Bab 41 Putaran Keempat (Lima Belas)
Di dalam kamar yang luas dan suram itu, deru mesin yang berputar menambah hidup pada beberapa layar yang menyala. Seorang pemuda berwajah bersih duduk tegak di depan komputer, mendorong kacamatanya ke atas sambil menatap penuh konsentrasi, matanya tak henti-hentinya berpindah di antara enam layar. Sesekali ia menyesap teh dari cangkir di sampingnya untuk meredakan kegelisahan. Setelah sekian lama, ia tampak menemukan sesuatu, buru-buru menggenggam mouse dan menekan tombol spasi, memutar ulang adegan yang sama puluhan kali hingga akhirnya berhenti pada gambar di mana bayangan hitam itu sekilas muncul. Dengan cekatan ia memperbesar gambar, memutar video ke kecepatan paling lambat, lalu menangkap dengan tepat momen ketika bayangan itu melepas topengnya dan menampilkan wajah aslinya yang hanya berlangsung kurang dari satu detik. Ia menoleh ke arah gadis yang duduk di sofa, hampir seluruh tubuhnya tersembunyi dalam kegelapan, dan berseru gembira, "Ternyata kau benar, Ouyang Luo memang W! Tapi bagaimanapun juga, dia mantan pacarmu. Kau yakin ingin melakukan ini padanya?"
"Ada pepatah, demi kebenaran, keluarga pun harus disingkirkan," Lin Lin tertawa sambil melangkah keluar dari kegelapan, memeluk leher Liu Cai dari belakang. "Bukankah ini bagus? Kau menyelamatkan Han Nuo, dia pasti akan berterima kasih padamu setelah tahu yang sebenarnya."
Liu Cai menatap bukti kunci yang kini membeku di layar, membayangkan perubahan drastis sikap Han Nuo ketika tahu kebenaran dan bagaimana Han Nuo akan bersikap ramah padanya. Ia pun tak kuasa menahan tawa bahagia, tanpa menyadari Lin Lin di belakangnya menatap layar dengan senyum sinis penuh kepuasan.
Sementara itu, di sebuah gedung tua tiga lantai di Gang Liu Xiang, Han Nuo menatap berat pada mayat Zhao Hang yang sudah lama tak bernyawa, dada tertancap belati perak yang sangat dikenalnya. Ia menghela napas, "Kita tutup kasusnya."
"Kapten Han, Liu Cai bilang dia tahu identitas asli W!" Setelah menerima telepon, Xia Fei yang tak bisa menahan kegembiraannya bergegas melapor pada Han Nuo, yang raut wajahnya justru semakin suram. "Dia bilang menunggu kita di markas tim khusus."
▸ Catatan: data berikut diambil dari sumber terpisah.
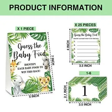 Show moreTransform your next baby shower into an enchanting adventure with the **ISOVF Game Set**, featuring a delightful Woodland Safari theme. This set includes everything you need to create a fun and engaging tabletop game for your guests to enjoy. The standout component is the beautifully designed self-standing sign, measuring 5"x 7", which sets the stage for the excitement ahead. Accompanied by **25 answer cards** (4"x 3.5") and **6 number cards** (2.1"x 3.5"), this set facilitates smooth gameplay wherever you set it up. Crafted from heavy gram coated paper, both the cards and sign are not only stunning but also sturdy and reusable, making them perfect for memorable occasions.

"Dia bukan bagian dari tim khusus, tak perlu menuruti dia." Han Nuo menolak tegas usulan Xia Fei. "Kasus tim khusus, kita tangani sendiri, tak perlu campur tangan orang luar." Han Nuo sama sekali tak memberi Xia Fei kesempatan membantah, dengan tegas membuang kesempatan emas untuk memecahkan kasus ini. Meski Xia Fei dan anggota lain menatapnya penuh tanya, ia tetap tak bergeming. "Kita tutup kasusnya," perintahnya lagi tanpa ragu.
Kejadian ini bermula dari hari sebelumnya, sehari sebelum Zhao Hang tewas, pada pertemuan kedua Lin Lin dan Liu Cai.
"Aku baru tahu hari ini kalau aku sudah lama diputusin." Tak lagi penuh semangat seperti saat pertemuan pertama, Liu Cai merasa iba melihat Lin Lin yang mabuk berat dan tampak begitu lemah tak berdaya. Entah kenapa, ia membawanya pulang ke rumah. Meski tak terjadi apa-apa, saat ia menidurkan Lin Lin di sofa, ia mendengar Lin Lin bergumam, "Ouyang Luo, karena kau sudah menyakitiku, jangan salahkan aku kalau kubongkar jati dirimu..."
Satu kalimat itu langsung membekas di hati Liu Cai. Ia diam-diam menghafalkannya. Begitu Lin Lin sadar, ia langsung menanyainya dengan keras. Awalnya Lin Lin tak mengaku, tapi setelah didesak berkali-kali, akhirnya ia menyerah dan mengungkap fakta mengejutkan bahwa Ouyang Luo adalah W. Namun, Liu Cai tak langsung percaya begitu saja. Dengan bantuan Lin Lin, ia meretas sistem Mata Langit untuk memantau gerak-gerik Ouyang Luo secara real time, dan atas petunjuk Lin Lin, ia juga mengawasi lokasi Zhao Hang di Gang Liu Xiang. Hingga akhirnya ia mendapatkan bukti tak terbantahkan bahwa Ouyang Luo adalah W.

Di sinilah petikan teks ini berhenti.